Vous faites partie du Grupo de Puebla. Pourriez-vous nous expliquer de quoi il s’agit ? Est-ce qu’il s’agit d’une continuation des idéaux de l’UNASUR ?

Le Grupo de Puebla est un rassemblement de citoyens latino-américains autour d’idées progressistes pour la région. Parfois, il vaut mieux définir les choses par ce qu’elles ne sont pas. Ce n’est donc pas un regroupement de partis, ce n’est pas une union d’organisations non gouvernementales, et ce n’est pas un club d’anciens présidents ou gouvernements. Nous sommes simplement des citoyens qui réfléchissent et songent à des débouchés progressistes pour la région. Le Grupo de Puebla a été créé dans la ville de Puebla, qui est une ville emblématique pour les Latino-Américains puisque c’est là que s’est tenue la conférence qui a bouleversé la pensée de l’épiscopat latino-américain. C’est aussi une ville où, pour la première fois en 100 ans, un maire progressiste est parvenu au pouvoir. Nous avons un accès relativement restreint parce que nous sommes essentiellement un groupe de dialogue.

Ne faites-vous que discuter ? Ce groupe n’a-t-il pas de volonté de production de propositions ?

Des propositions concrètes ont déjà été faites. Par exemple, la Commission pour la défense de la justice et de la démocratie a été créée. L’un des principaux problèmes de la région est que nous avons fini par judiciariser la politique. La preuve de cette judiciarisation de la politique est le cas de l’ancien président brésilien Lula, le cas le plus emblématique de la manière dont la justice a été utilisée comme instrument politique pour empêcher que Lula ne devienne une option électorale. Nous nous sommes également mis d’accord sur un programme de convergence, afin de créer les conditions pour que les dix mécanismes supra-régionaux qui existent dans la région puissent converger vers une proposition d’intégration unique qui serait sous l’orbite de la CELAC – qui est le seul mécanisme d’intégration qui rassemble les 34 pays, sans exception. L’objectif de ce groupe est de travailler sur un agenda en construction, un concept dynamique de travail sur les enjeux et les propositions.

« L’un des principaux problèmes de la région est que nous avons fini par judiciariser la politique. »

Ernesto Samper

N’a-t-il pas été aussi créé en réponse au Grupo de Lima ?

Non. Le Grupo de Lima est un groupe de pays appelé Prosur mais qui est bien plus « Pronorte  ». Le Grupo de Lima connaît de graves difficultés car, contrairement à ce qui s’est passé dans les pays qui faisaient partie de l’UNASUR et alors que l’ancienne majorité progressiste n’a jamais mis ses préférences idéologiques au premier plan, ce groupe a commencé à agir idéologiquement.

En parlant de conflit, la Colombie connaît les mobilisations les plus importantes des 30 dernières années, pourquoi maintenant ?

Je crois que la région connaît un mouvement tellurique interne lié à la crise du modèle économique.

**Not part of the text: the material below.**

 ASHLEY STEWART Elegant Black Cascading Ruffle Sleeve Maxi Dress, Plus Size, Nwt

Ces rébellions ont une chose en commun : ce sont des rébellions de la classe moyenne, d’une classe moyenne qui se sent menacée dans ses conditions de vie et de sécurité tant économique, que politique ou sociale. Il est beaucoup plus difficile de gérer une situation où il s’agit d’enlever quelque chose à quelqu’un que de gérer une situation où il s’agit de ne pas donner quelque chose à quelqu’un qui ne l’a jamais eu. Je crois que, derrière ces mouvements que l’on observe en Amérique latine, se cache un phénomène de prolétarisation de la classe moyenne. Ce phénomène se fait également sentir en Colombie, chaque pays ayant ses propres caractéristiques. En Argentine, la colère sociale a trouvé une issue démocratique. Ils ont changé de gouvernement et ont mis en place un gouvernement plus à l’écoute des préoccupations sociales. Dans le cas du Chili, tout l’héritage autocratique laissé par Pinochet, une Constitution qui n’est pas la leur, se trouve au milieu des mobilisations. En Colombie, se confondent le conflit armé et la question des accords de paix.

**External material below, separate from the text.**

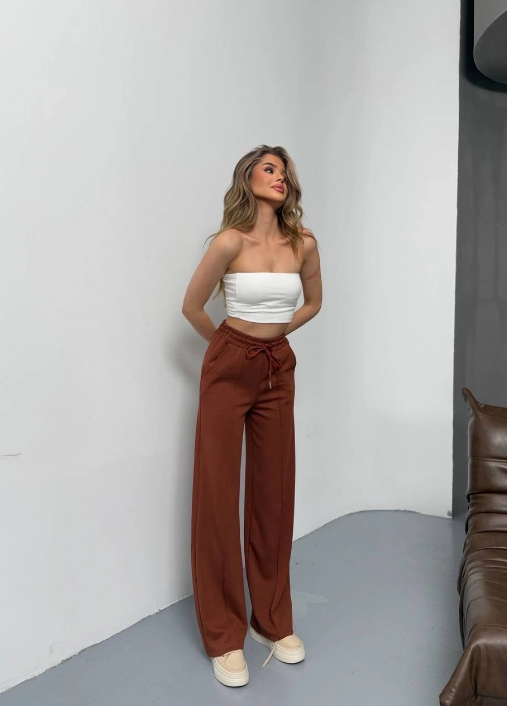 Kahve Modal Kumaş Çımalı Palazzo Pantolon

« La région connaît un mouvement tellurique interne lié à la crise du modèle économique. Ces rébellions ont une chose en commun : ce sont des rébellions de la classe moyenne, d’une classe moyenne qui se sent menacée dans ses conditions de vie et de sécurité tant économique, que politique ou sociale. »

Ernesto Samper

Qu’est-il arrivé aux accords de paix en Colombie ? Comment expliquer qu’après la signature des accords, certains groupes de guérilla aient décidé de reprendre les armes ?

Pour les accords de paix, la principale entrave concerne la question du référendum. Au cours de ce référendum, les gens n’ont pas voté contre la paix. Il faut souligner que les référendums ont tendance à être une sorte de catalyseur de la haine de telle sorte que – comme ce fut le cas pour le Brexit –, les gens ont voté contre les dirigeants régionaux, contre les impôts, contre les même réalités contre lesquelles ils manifestent aujourd’hui. Plus grave encore, il y a eu après les accords de paix en Colombie un changement de gouvernement, avec un nouveau gouvernement qui n’est pas totalement engagé envers la paix. D’une certaine manière, il est même plus attaché aux conflits qu’à la paix.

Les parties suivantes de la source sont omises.